Frank O’Hara: Painter, Critic, Sometime Poet…
By Marc Meierkort

something stronger that precludes romance.

This last round is on me. You’re right,
maybe next time – I should have some money then.
Perhaps an idea, too, we could cycle around
like hors d’oeurves, sampled & nibbled for rhyme or reason.

He knows what I mean as I’m running fast after the 22
Clark Street bus, the clamor of medicine rattling in my head as would a date
book too filled with lost acquaintances.
Thanks for the drink, the love, the time spent writing those poems
for his friends, himself, whoever
would read them with a strong eye & sense
of some beauty buried in the dirt. I could show the reader
subways, bookstores – rag-tagged discarded editions of Moby Dick,
Pasternak or Mayakovsky – & graffiti, his name stitched into a platform bench.
Some think it’s the Irish Chicago mobster homage, the O’Hara gang from South Prairie Avenue.
Truth & beauty of allusion slip past like holiday parades on Dearborn or State.

River green & tiny shamrocks wind along Wacker like soldiers up for morning mess.
Watching through a bus window is a veil of see-through skin.
I see him racing through lines, eyes to the higher structures, ears to the deeper pockmarks
of cadence, until a street dime catches his sinking eye: he stops, sits, writes a new poem.
I run home to my girl with the impulse to give him a call, only to find
her note (like his matchbook poems & grocery lists & letters to illusory friends)
telling me she’s gone for air, few hours to return. Lunch is in the fridge,
but I leave it, sit down with him instead,
his hunger too much for me to ignore.
I wish I could swim forever, asking him questions, listening to his songs, answering my own
debts about high fashion & slow charm across time.
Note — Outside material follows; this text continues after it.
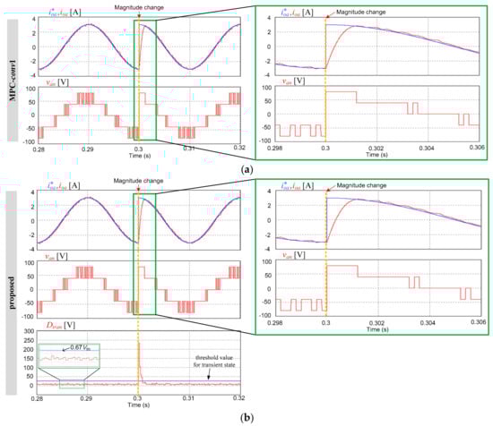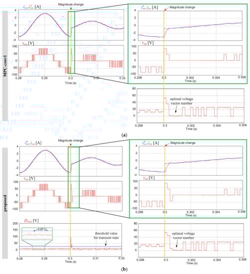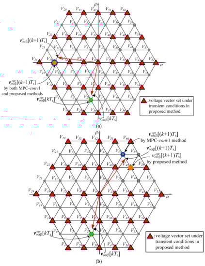 Figure 7 shows how the proposed method and the MPC-conv1 method select optimal voltage vectors under transient conditions. Assume that both methods select V28 as the optimal vector at the kth step because it is the closest one to the reference vector at the present step . In the case that a reference vector, , moves at (k + 1)th step because of a transient state, as shown in Figure 7a, it is seen that both the proposed and the MPC-conv1 methods select the vector V18 as the optimal vector, which makes the two methods produce the same dynamic response. If a reference vector, , moves at (k + 1)th step, as shown in Figure 7b, the MPC-conv1 method, considering all the voltage vectors, chooses V50 as the optimal vector at (k + 1)th step, which is the nearest one to the reference voltage. On the other hand, the proposed method selects the vector V49 as the optimal vector at (k + 1)th step, because the reduced set of the proposed method does not include the voltage vector V50. Although the proposed method yields a slightly slower dynamic response than the MPC-conv1 method because of the reduce set of candidate voltage vectors, it should be noted that the two vectors, V49 and V50, selected by the proposed and the MPC-conv1 methods, respectively, are adjacent vectors with a difference of 0.67Vdc. Thus, the selection processes of the optimal voltage vectors by the two methods are similar after the transitions, and, therefore, the proposed method can reduce the computational complexity of the algorithm without significantly reducing the dynamic speed.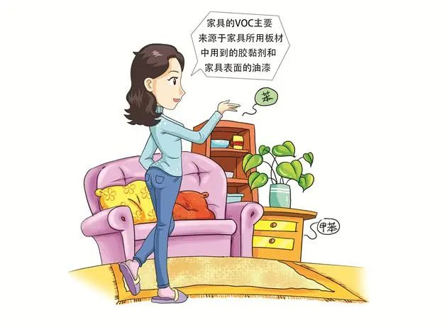 起居室中的新家具是最主要的VOCs排放源。家具所用板材中用到的胶黏剂和家具表面的油漆含有大量的有害物质,不断向室内释放,其中包括甲醛、苯、甲苯、乙苯、二甲苯、酮类等等。另外,一些电器及电子设备由于元器件使用了树脂和胶合剂,使用时在较高温度下也会释放部分VOCs。

As I Save again over this file, this attached asterisk of agitated edit,
nothing seems so impulsive
as love & his music of the baroque. Don’t quote me on that.
I see him at the 10 Spot, loose a little drunk on Lady, day & night running to catch up
on the language of Russian writers, books he scribbles, notes & catechism
without fear of broken fingers, short grimaces toward saving face.

Earlier lines melted into a primer of alchemy, philosophical chatter
basking in an unknown crucible where art is made through the simple
act of living. Under every barman’s watchful ear, we drink once more to genius,
music, sweet wine, & the divine sepulchre
of daily bread. The nerve to untitle his work served Get Well memoranda, solicitations
to leave this poem alone, frankly & reluctantly condemned
by his body fresh out of The Cedar, emerging
like his body fresh out of The Cedar, late
& stumbling unsure, the next line breathing without reserve
through his plasma of words as paint dried like blood on the sidewalk.

Why was he not a painter? More than a practitioner
of Fire Island biography? All he needed was talk, the sun & a warm bed
in which to love & be loved. What impressed him
to leave notes & soft kisses of ash
knows whatsit of strength taking hold too soon, plucking daily prayers
off the vines of spoiled fruit to imprint his tendencies
toward myth-making, his bar-mates pressed into leaf & parched
lips too wet for the limitations of chalk & water.
His naked sketch graced the cover of his collected
tutelage with brush & old country sheets of lyrical fear
across every curve & nerve, posed for green-screen portraiture.
It’s easy to preach I like the movies too – not enough of the painter’s eye lives within the screen.
He penned his friends into permanence & jest, fretting inside
the assessment of self that renders him narrowly petrified.
Despite the career box office, to his own list of starlets in cloaks of mad stanzas, I would enjoin
his own luminary to history: Whitman, Crane, Williams, O’Hara.
All better than the movies.

Marc Meierkort is a life-long Chicago resident and has taught high school English for the past 19 years. He is a graduate of Southern Illinois University at Carbondale (B.S.) and National-Louis University (M.A.T.) He currently lives in the western suburbs of Chicago. He has recently had poems published by Neologism Poetry Journal, Poor Yorick, Jenny, Inwood Indiana, littledeathlit, The Roanoke Review, and The Dime Show Review.